It should be noted that practical difficulties in conducting multinational surveys can introduce error or bias into the findings of opinion polls. In some countries, the achieved samples suffered from imbalances in the number of women or men interviewed, while in some countries a lack of adequate, national-level statistics made it difficult to assess the accuracy of educational characteristics among the sampled population. Specific difficulties encountered were:

Gender Imbalances: In Afghanistan and Niger, the survey respondents are disproportionately male, while in Thailand, Azerbaijan and Uzbekistan they are disproportionately female.

In each of these countries interviewers faced practical difficulties in reaching additional male or female respondents. In Afghanistan, despite strict gender matching, cultural norms frequently limited the ability of interviewers to contact women in certain areas. In Niger, difficulties associated with recruiting enough female interviewers affected gender matching and may have discouraged the participation of women in the survey.

Surveying in active conflict zones posed particular challenges for interviewers. In southern Thailand, security concerns limited the number of interviews that could be conducted in the evening hours, leading in part to fewer interviews with men, who often are out of the house during daytime hours.

In Azerbaijan and Uzbekistan, large-scale labor migration patterns may have contributed to fewer interviews with male respondents.

Education: In many countries, census statistics on education are unavailable, dated or disputed by experts. The lack of reliable national statistics limits the extent to which survey samples can be assessed for representativeness on this measure.

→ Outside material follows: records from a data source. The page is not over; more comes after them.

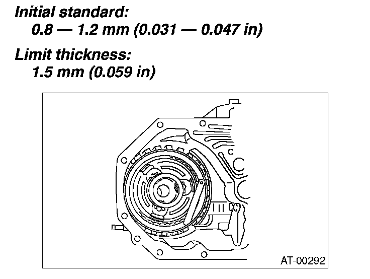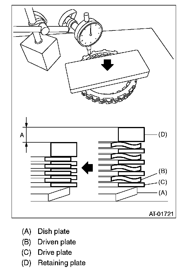 Select the retaining plate within the specification by calculating with A and B dimensions which have been recorded before. If the calculated value exceeds the usage limit, replace the drive plate with a new one and adjust it within the specification.
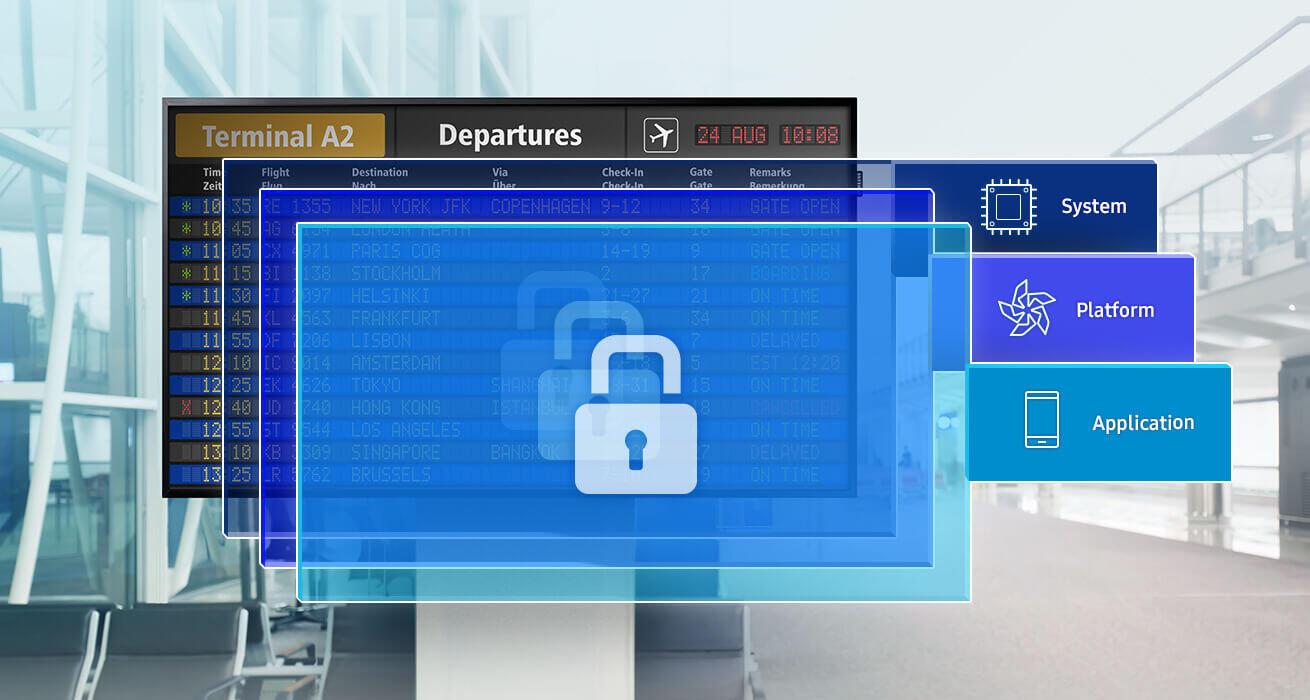 - Đối với chính phủ, kinh doanh tài chính hoặc các doanh nghiệp liên quan mật thiết đến dữ liệu, vấn đề bảo mật thông tin trở thành yêu cầu tiên quyết để vận hành hiệu quả. Màn hình dòng QMH của Samsung đáp ứng nhu cầu này thông qua các phương pháp bảo mật nghiêm ngặt. Hệ điều hành TIZEN 2.0 tích hợp mở rộng lớp an ninh trên toàn bộ ứng dụng, nền tảng và các tầng hệ thống, chỉ cho phép truy cập dữ liệu và thông tin của một số cơ sở dữ liệu người dùng đặc biệt.
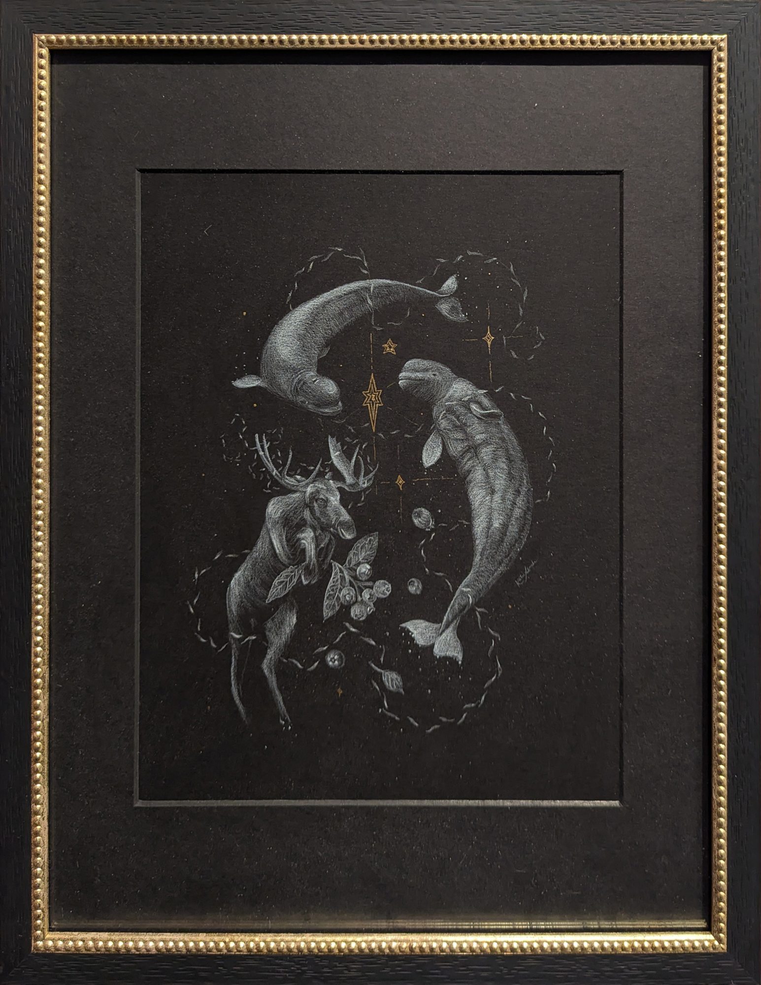White Pencil & Watercolour on Black Paper
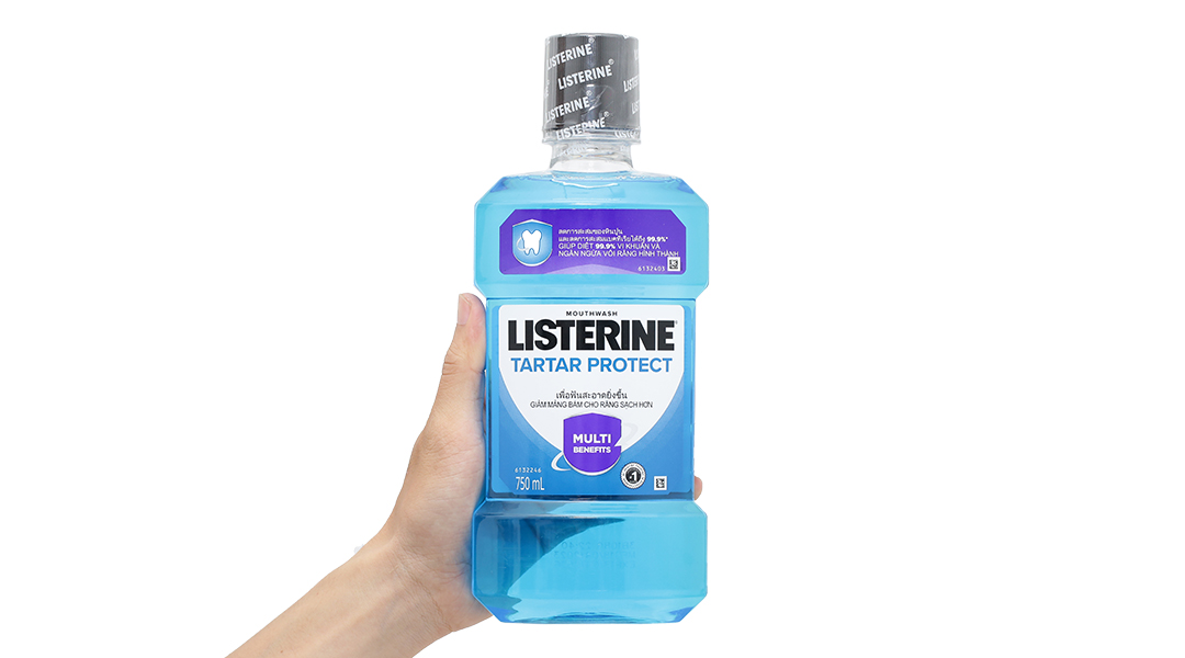 Súc miệng với 20ml Listerine không pha loãng trong 30 giây rồi bỏ đi.

In Albania, the Palestinian territories and Tajikistan, the surveys appear to overrepresent highly educated respondents compared with the last available national census. In each of these cases, however, official education statistics are based on, or estimated from, censuses conducted five or more years prior to the survey and thus were not used for the purposes of weighting.

In Niger, the sample is disproportionately well-educated compared with the last available Demographic and Health Survey (2006), but no education census statistics are available to assess the representativeness of the sample.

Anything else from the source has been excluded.